彼女は僕に微笑んでから高橋に向き直った。
「編集の方ですね。来てくださってありがとうございます」
高橋にしたら妙な気分だろう。自分の家に来た客にようこそと言われたようなものだ。それでも気を取り直すと高橋はさっそく本題に入った。
「来週うちに大変な価値のある作品が持ち込まれるということだけど」
「その通りです」
「その作品を買いたいということ?」
「すぐにではありませんが、そちらの作業の過程で必要なくなった段階で譲っていただきたいのです。原稿は紛失したという形にして戴いて」
「なぜ?」
「あなた方から見て将来、大災害が起こって作品の原稿が失われてしまいます。私の使命はそれを回収、保管し、未来において必要なときに再び公開することなのです。ですから、あなた方にご協力戴きたいのです」
「ふーん」
高橋は黙って天井を見上げた。少し考えているようだった。
僕は気になることがあって口を挟んだ。
「大災害って言うのはいつ何が起こるの?」
「それをあなた方にお教えすることは出来ないのです」
まあ当然と言えば当然か。
「シンパイアリマセン、マダトウブンサキノハナシデス」
突然猫形ロボットが口を利いた。そしてそれきり黙った。
「そうか……」
「わかった」
これも突然、高橋が言った。
「あんたの言う通りにしよう」
「ほんとうですか?ありがとうございます」
「ただし、僕の銀行口座に三千万振り込んでほしい。そうでなければこの話はナシだ」
僕は呆気に取られた。ほかの二人も同様だった。
三千万!!
どう考えても法外も法外。お話しにならない。
「高橋さん?」
「君は黙っていてくれ。もともと部外者なんだから」
「あんたね」
僕は高橋の胸倉を掴んだ。高橋に話を持って行ったことを後悔していた。
「あんたに話したのは間違いだった!他の人のところに持って行く!!」
言ったとたん、僕は床に叩きつけられていた。高橋が掴み掛かって来る。
「そんなことはさせない!おまえなんかに邪魔はさせないぞ!!」
高橋の手が僕の首に掛かったその時、文化遺産回収員の女の子が叫んだ。
「わかりました!あなたの口座に三千万振り込みます!!やめてください」
僕は彼女を見上げた。彼女は、僕に頷て見せた。
高橋は、立ち上がって僕を見下ろしている。
「この仕事、続けられると思うなよ」
僕に言い捨てると彼女の方に向き直る。
「それで、その作家の名前は分かってるの?」
さっきとは打って変わって、笑顔を浮かべている。
僕は立ち上がって埃を払った。すっかり打ちのめされていた。
高橋を連れて来たのも、奴の横暴を止めることが出来なかったのも、全て僕のだらしなさのせいだ。

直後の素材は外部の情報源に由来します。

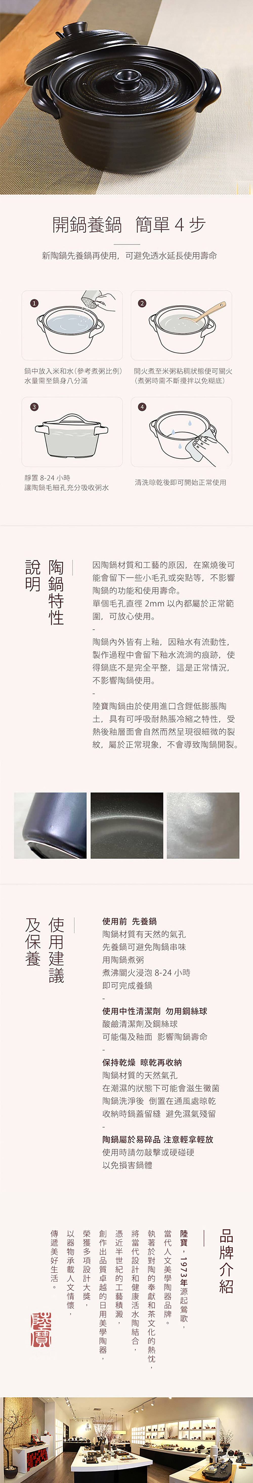 1.第一次使用陶鍋時前,需要先煮白粥養鍋,鎖住毛細孔,避免滲水或串味。養鍋還能讓陶鍋更耐燒並可延長陶鍋的使用壽命。

情けない気持ちで居たたまれなくなり、その場を立ち去ろうとした、のだが……。
「はい。原口貴志という方です」
僕は振り返った。高橋が青い顔をして僕を見ている。僕は微笑んで見せた。
「どうかなさいましたか?」
彼女が気遣わしげに聞いた。
僕は、この三年間密かに書き溜めていた小説を、どの編集者に見せるか考えていた。